The total viewing times, including all re-fixation times after the first encounter (i.e., re-reading) and the go-past times (including all fixations up to the moment the next word in the sentence is fixated), showed, in addition to a reliable degradation effect, a reliable interaction of word color and underlining and a reliable effect of underlining, respectively. Figure 1B clearly shows the origin of the interaction in total viewing times and the underlining effect in go-past times. The latter was indicated by lower go-past times for not underlined words in contrast to underlined words. The interaction for the total viewing times was reflected by the reduced fixation times for un-highlighted black-presented words in contrast to all other conditions including blue underlined, blue not-underlined and black underlined words (confirmed by post-hoc analysis: underlining effect for black targets; estimate = 0.046; SE = 0.020; t = 2.29; no underlining effect for blue targets; estimate = 0.002; SE = 0.016; t = 0.12). Both the interaction in total viewing times and the underlining effect in go-past times indicate that highlighting influences processing after first pass reading. The comparison of the two measures showed that re-readings after the target word was passed (reflected by total viewing times) reduced the effect of underlining for blue written words. This indicates that highlighting either by color or underlining increases the total reading times reflecting the allocation of additional attentional resources to highlighted words after the target word was first passed. Therefore, the reduced skipping probability of blue target words, described by Fitzsimmons, Weal & Drieghe (2013) in their experiment one, might also reflect a highlighting effect for sentences in which target word skipping can be realized to a higher extent. Finally, the finding of their second experiment in which they observed longer go-past on blue low frequent words in contrast to black low frequent words could be replicated (color effect for not underlined words irrespective of preview; go-past times: estimate = 0.029; SE = 0.013; t = 2.27).

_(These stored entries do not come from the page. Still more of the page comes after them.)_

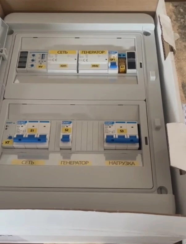 Блок автоматического ввода резерва GM-63-3/3-2WS (GM20). Блок АВР (Автоматического Ввода Резерва). Мощность 63А. Класс защиты: IP 65. Подключение к сети: три фазы. (для GM20000) Генератор Mitsui Power Eco совместим с блоком автоматического запуска. Без этого блока, генератор не будет заводиться автоматически и подключать всю нагрузку на себя. Запуск будет осуществляться с помощью кнопки электростартера на панели управления. Возможна установка GSM-модуля для удалённого мониторинга работы электростанции.
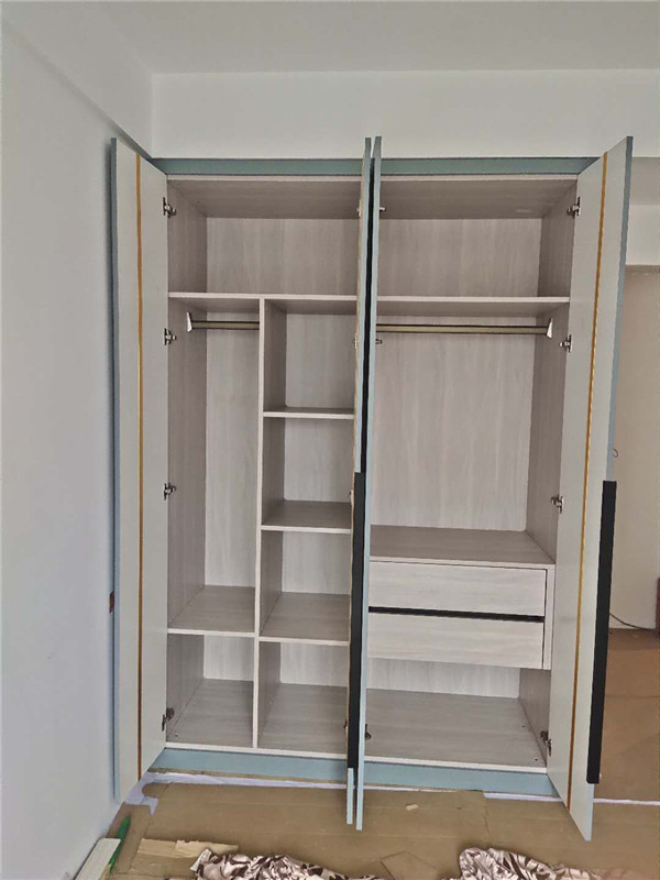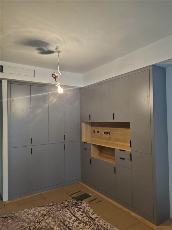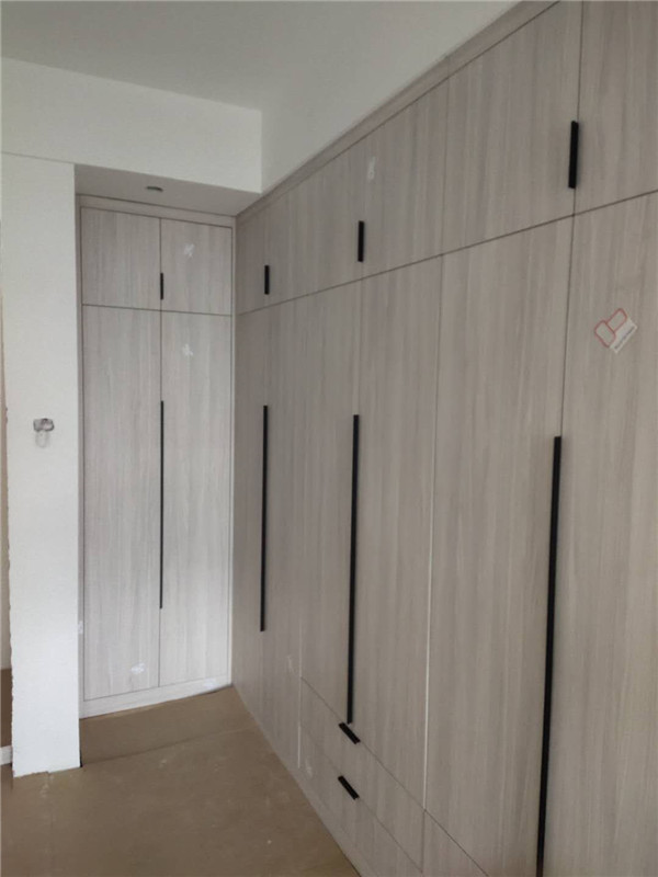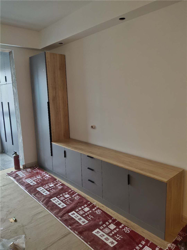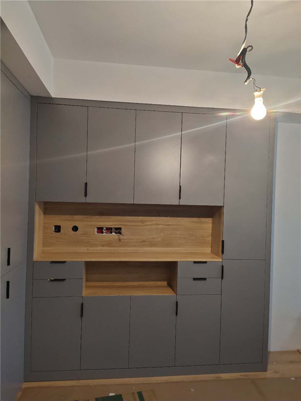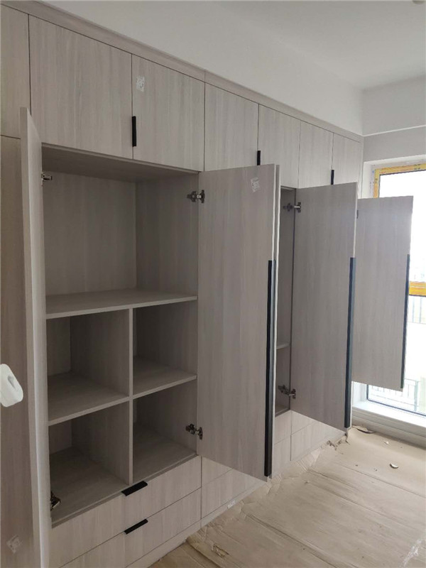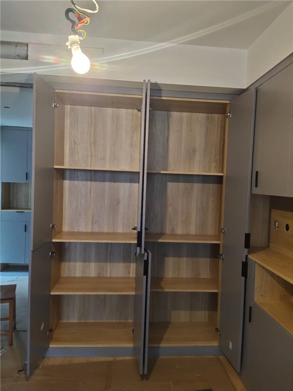 經(jīng)過(guò)幾天的努力柜體全部拼裝完畢,固定起來(lái)了。業(yè)主家柜體采用的都是淺色系,看上去清爽干凈。
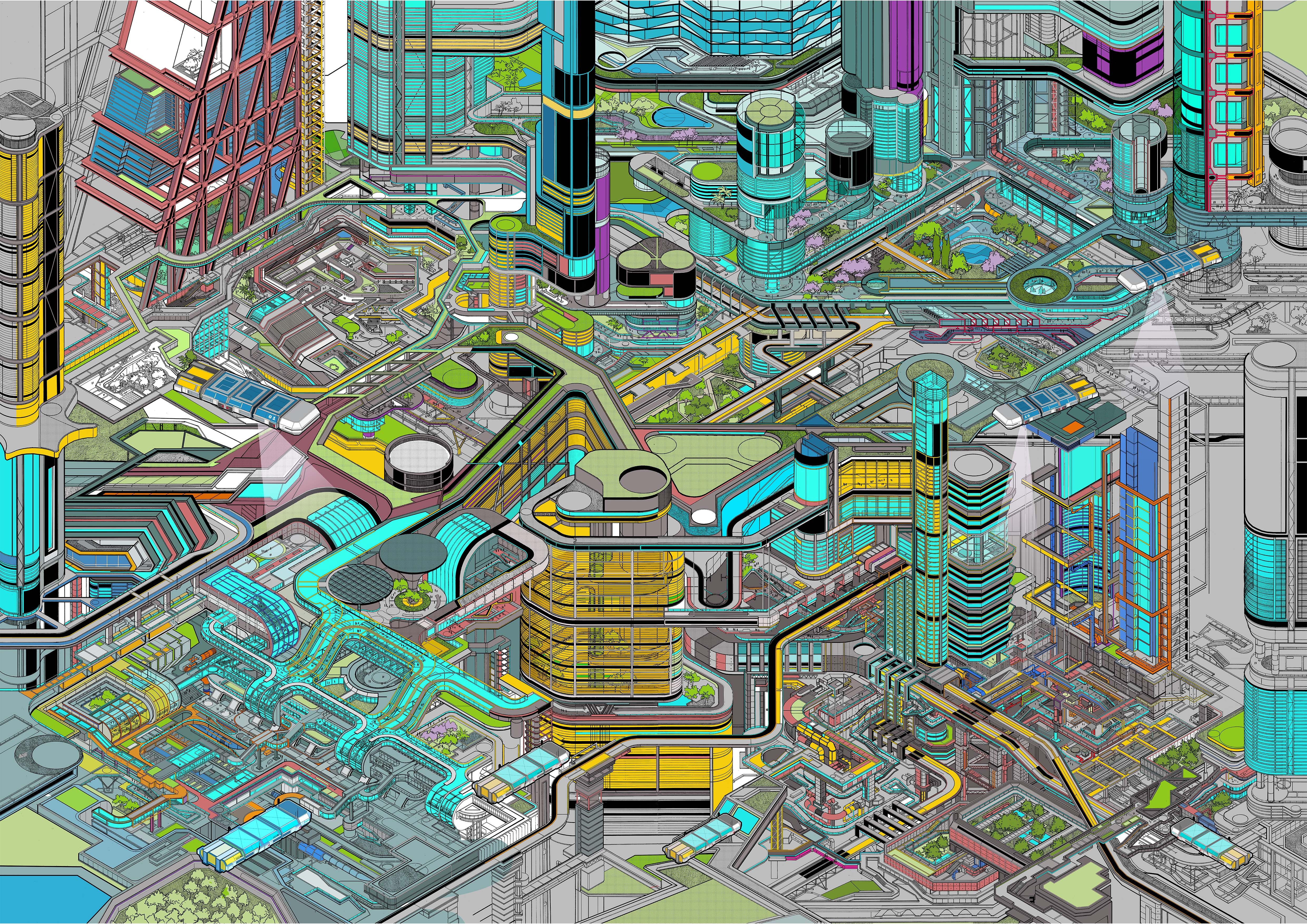 Created with precise hand-drawn line work and digitally coloured in Adobe Photoshop, this artwork blends intricate architectural drafting with a compelling futuristic aesthetic.

In sum, the present study demonstrated that reading was not significantly hampered by blue text presentation. Thus, the current findings do not indicate a bottom-up perceptual disadvantage of blue underlined hypertext in foveal and parafoveal processing. In contrast, the increased total viewing time for highlighted stimuli indicates an additional allocation of attentional resources triggered by top-down processes. These processes might reflect the learned association of hypertext to informative snips of texts in the Internet. Using blue underlined stimuli effectively highlights hypertext without hindering parafoveal and foveal perceptual processes during reading. In addition, the present study shows that text underlining and color results in highlighting, which indicates that either could be used independently to optimally implement hypertext. In conclusion, blue underlined hypertext allows effective reading and, therefore, can be safely recommended to web designers for future use.